У Марии красивые ноздри. Фигурно вырезанные и живые. В раздражении Мария похожа на горячую вороную лошадку: вся приходит в движение, встряхивает черной гривой, нетерпеливо переступает высокими ногами, ноздри нервно вздрагивают:

- Этот мир протух. Все только и делают, что непрерывно совокупляются. Постоянно. Всегда. Всюду. Совокупляются, совокупляются, совокупляются! (Тпру! Осаживай, Мари, сейчас ляпнешь лишнее…) Все живое и неживое каждую секунду трахается! (Ну вот… Ляпнула…)  Ключи до упора вонзаются в замочные скважины, вращаясь так и сяк. Минутные стрелки наваливаются на часовые, успевая совершить шестьдесят торопливых фрикций, прежде чем сползти в изнеможении. Грозовые тучи разряжаются в землю бурными оргазмами.
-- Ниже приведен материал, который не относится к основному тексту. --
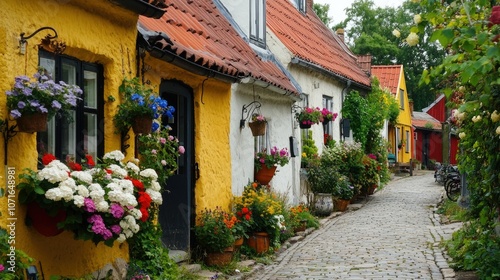 Charming Cobblestone Street with Colorful Houses

А твой ноутбук зазывно разложился, обнажив трекбол в ожидании ласкающего пальца!

("…Какое небо голубое!..")

Обратив мужа в соляной столп, Мария часто-часто изумленно моргает, как человек, очнувшийся от гипноза. (Минотавр заблудился в собственном лабиринте).

- Вот это номер, - выдыхает Марк. – Подавляешь либидо?
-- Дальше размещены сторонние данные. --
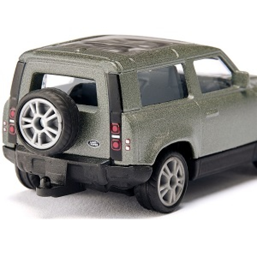 speelplaats veilig zijn weg. Het grote, doorzichtige glazen schuifdak zorgt voor een onbelemmerd zicht op het interieur van de auto. Het metallic lakwerk is in Pagena Green, beroemd bij Land Rover, en de velgen van de sportieve rubberen wielen zijn zwart. Voor noodgevallen heeft de Siku Land Rover een reservewiel achter en met standaard ingebouwde trekhaak trekt hij ook moeiteloos kleine Siku aanhangwagens en dergelijke. achter. Fans zullen het meteen opmerken de koplampen en achterlichten zijn ook getrouw gereproduceerd en gedrukt op die van de originele Defender.

Уши Марии стремительно багровеют, она секунду медлит, и – черная стрела срывается с тетивы! – шорохом шелка – в ванную комнату, защелкнувшись изнутри. Марк бросается следом, теребит неподдающуюся дверную ручку, стучит:

- Марусь, открой.

- Нет!

- Все равно ведь придется выйти.

- Нет!

- Ну, ладно.

Марк уходит в комнату, падает на диван, на его губах неприкаянной тенью бродит странная улыбка.

А все-таки природа не дурочка – пальцем не задавишь! Гони ее от себя, окружайся асфальтовыми реками, заточайся в железобетонные башни, дыши искусственной газовой смесью цивилизации, кричи во все горло: "Вот те шиш! Я – человек! Я звучу гордо!" Она не проникнет снаружи. Но изнутри начнет тихо подтачивать опорные сваи твоего самомнения, оставляя то здесь, то там кучки белесой невротической пыли. (Это уже вторая плитка шоколада! Конечно, мне не жалко, но не стоит злоупотреблять. Говорят, шоколад заменяет секс. Вы не находите, что лучше наоборот?)

Мария угловато-виновато возвращается, присаживается на краешек кресла.

- Зачем ты меня обманывала? – Марк смотрит мимо нее.

- Сначала я просто хотела подразнить тебя, поиграть в неприступность. Думала, тебе непременно захочется соблазнить меня. Но ты вдруг сказал, что тоже асексуал. Что мне было делать? Не признаваться же. Ты мне безумно понравился… И я решила – будь по-твоему. Я смогу жить так, как ты хочешь, быть той, кого ты хочешь видеть рядом с собой…

- Должен сказать, играла ты очень убедительно. Пламенные речи о платонической любви, готовность пойти на искусственное оплодотворение…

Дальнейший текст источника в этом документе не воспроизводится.